● **REQUIRED WORK**:
Below are the entries to work from; restate word for word the portion that opens with the line containing "使用范圍:適用于中、小型明框" and closes with the line containing "4、我的樣式。其中現有的主題", keeping both.

● **RECORDS TO PROCESS**:
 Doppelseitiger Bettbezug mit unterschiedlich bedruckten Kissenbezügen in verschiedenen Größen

* * *

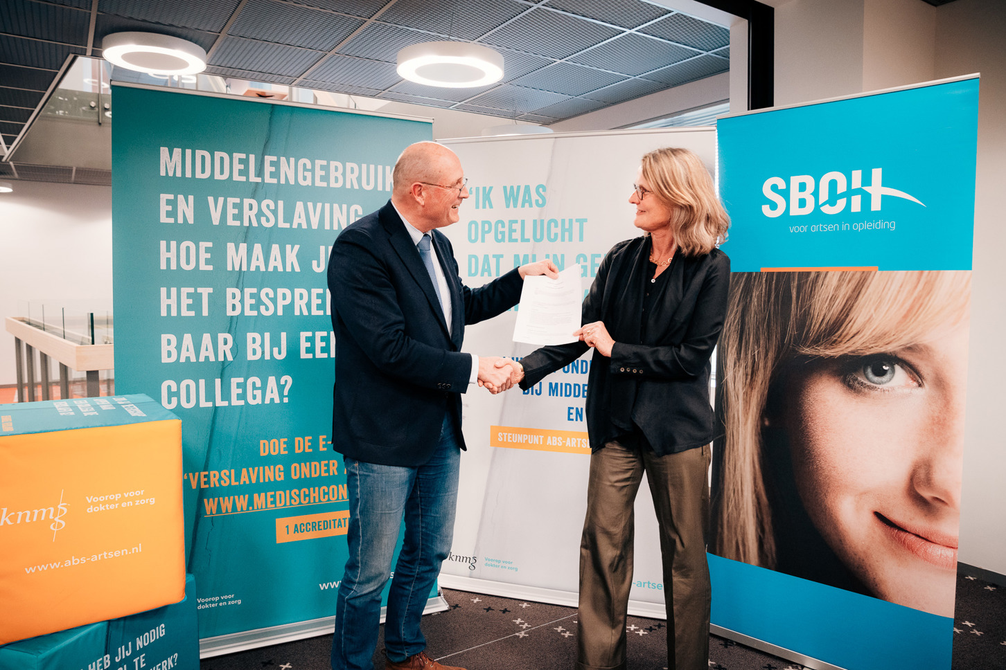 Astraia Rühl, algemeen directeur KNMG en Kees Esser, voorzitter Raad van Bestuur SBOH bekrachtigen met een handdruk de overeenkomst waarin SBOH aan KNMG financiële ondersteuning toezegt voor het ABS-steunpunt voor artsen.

* * *

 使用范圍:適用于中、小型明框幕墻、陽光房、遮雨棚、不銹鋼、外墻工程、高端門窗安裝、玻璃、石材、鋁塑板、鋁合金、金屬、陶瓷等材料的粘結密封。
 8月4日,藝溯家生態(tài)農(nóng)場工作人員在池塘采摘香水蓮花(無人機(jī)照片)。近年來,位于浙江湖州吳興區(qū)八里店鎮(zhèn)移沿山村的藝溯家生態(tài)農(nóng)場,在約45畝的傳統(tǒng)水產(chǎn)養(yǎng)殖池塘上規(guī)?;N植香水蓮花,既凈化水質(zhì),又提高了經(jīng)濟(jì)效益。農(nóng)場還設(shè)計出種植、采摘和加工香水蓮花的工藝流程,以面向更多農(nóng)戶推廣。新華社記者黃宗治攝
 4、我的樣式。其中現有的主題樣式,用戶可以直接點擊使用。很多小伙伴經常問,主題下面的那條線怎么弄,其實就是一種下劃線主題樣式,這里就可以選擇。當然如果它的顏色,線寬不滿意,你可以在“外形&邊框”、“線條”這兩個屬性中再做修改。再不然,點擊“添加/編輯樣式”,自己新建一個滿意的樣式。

● **YOUR SOLUTION**:
 使用范圍:適用于中、小型明框幕墻、陽光房、遮雨棚、不銹鋼、外墻工程、高端門窗安裝、玻璃、石材、鋁塑板、鋁合金、金屬、陶瓷等材料的粘結密封。
 8月4日,藝溯家生態(tài)農(nóng)場工作人員在池塘采摘香水蓮花(無人機(jī)照片)。近年來,位于浙江湖州吳興區(qū)八里店鎮(zhèn)移沿山村的藝溯家生態(tài)農(nóng)場,在約45畝的傳統(tǒng)水產(chǎn)養(yǎng)殖池塘上規(guī)?;N植香水蓮花,既凈化水質(zhì),又提高了經(jīng)濟(jì)效益。農(nóng)場還設(shè)計出種植、采摘和加工香水蓮花的工藝流程,以面向更多農(nóng)戶推廣。新華社記者黃宗治攝
 4、我的樣式。其中現有的主題樣式,用戶可以直接點擊使用。很多小伙伴經常問,主題下面的那條線怎么弄,其實就是一種下劃線主題樣式,這里就可以選擇。當然如果它的顏色,線寬不滿意,你可以在“外形&邊框”、“線條”這兩個屬性中再做修改。再不然,點擊“添加/編輯樣式”,自己新建一個滿意的樣式。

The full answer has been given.